Pero hubo un punto en que no cejé, y fue la adquisición de una mesa de curas. Sin esto no se podía pasar; era imposible curar a los heridos debidamente con el cuerpo inclinado sobre un colchón bajo, aunque estuviese cubierto con hule. Tras una lucha titánica conseguí que se me autorizase a pedir a la casa Escribano de Madrid para que nos mandasen una mesa de curas económica.

Justamente el 6 de julio recibimos una mesa sencillísima, de zinc sostenida por unas patas de hierro, lisa y provista de un desagüe, de unas bisagras para levantar la cabecera; pintada de blanco no parecía mal, y cumplió debidamente mi objetivo. En aquella mesa asistí todos los espectáculos taurinos durante más de 20 años. Aquella misma tarde después de las vísperas de San Fermín marché a la plaza de toros para avisar a todo el servicio del día siguiente.

Allí el conserje me dijo que no tuviese cuidado el primer día, ya que cada toro traía un San Fermín en cada asta, y en ese día nunca pasaba nada, era el segundo día en que todos los borrachos hacían disparates en el encierro, cuando ocurrían los accidentes más numerosos y graves.

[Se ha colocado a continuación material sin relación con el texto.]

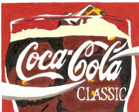
Coca Cola Pop Art, de Klaka97

Aunque cada país alberga unas características propias que diferencia su corriente de Arte Pop de la de otros, lo cierto es que, de una forma o de otra, todas están ligadas a la cultura estadounidense, ya se vista desde dentro o desde fuera.

El día 7 a las cinco de la mañana marché a la plaza de toros y arreglé todo lo necesario para las curas. Desembalé la mesa y en otra mesa coloqué los apósitos y mi modesto instrumental. Pero sin terminar mis preparativos me vi repentinamente invadida la enfermería por multitud de heridos que me obligaron a proceder a su cura inmediata.

Ante los quejidos de los heridos mis compañeros médicos protestaban airadamente de esta invasión que no se explicaban porque nunca había ocurrido otro tanto. Comprendía su sorpresa y contrariedad por mucho que se habían reído de mis exageraciones. Ahora bien, ¿qué había ocurrido para que hubiera tanto herido?, y en tan poco tiempo. Esto exige un punto y aparte sobre los antecedentes históricos del encierro.

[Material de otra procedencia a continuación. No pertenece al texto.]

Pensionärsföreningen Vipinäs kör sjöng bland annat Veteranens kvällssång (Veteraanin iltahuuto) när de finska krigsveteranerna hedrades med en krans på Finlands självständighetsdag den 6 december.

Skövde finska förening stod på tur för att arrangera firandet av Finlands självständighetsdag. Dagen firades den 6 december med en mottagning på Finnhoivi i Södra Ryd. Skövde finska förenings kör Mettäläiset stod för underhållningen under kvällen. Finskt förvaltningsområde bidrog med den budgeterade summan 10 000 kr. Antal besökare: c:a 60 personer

AUMENTO DEL NÚMERO DE CORREDORES

Desde hacía unos años se observaba un aumento de los asistentes al encierro, espectáculo depreciado cuando yo era un niño, al que acudía muy poca gente por ser gratuito, y toda ella de la clase más humilde.

Los soldados de la guarnición que era la gente más pobre, porque entonces el Servicio Militar obligatorio no se había establecido y solo iban los que carecían de unas pocas pesetas para comprarse un substituto, y, las criadas de servicio que constituían la parte más numerosa de los asistentes. Pero repito, desde hacía unos años, el número de asistentes crecía de año en año, y en su mayor parte entraban en la plaza de toros por la puerta principal que daba acceso directamente al redondel y no por las puertas laterales que conducían a las localidades, y desde el redondel subían directamente a los tendidos; fíjese el lector que estábamos en la plaza vieja.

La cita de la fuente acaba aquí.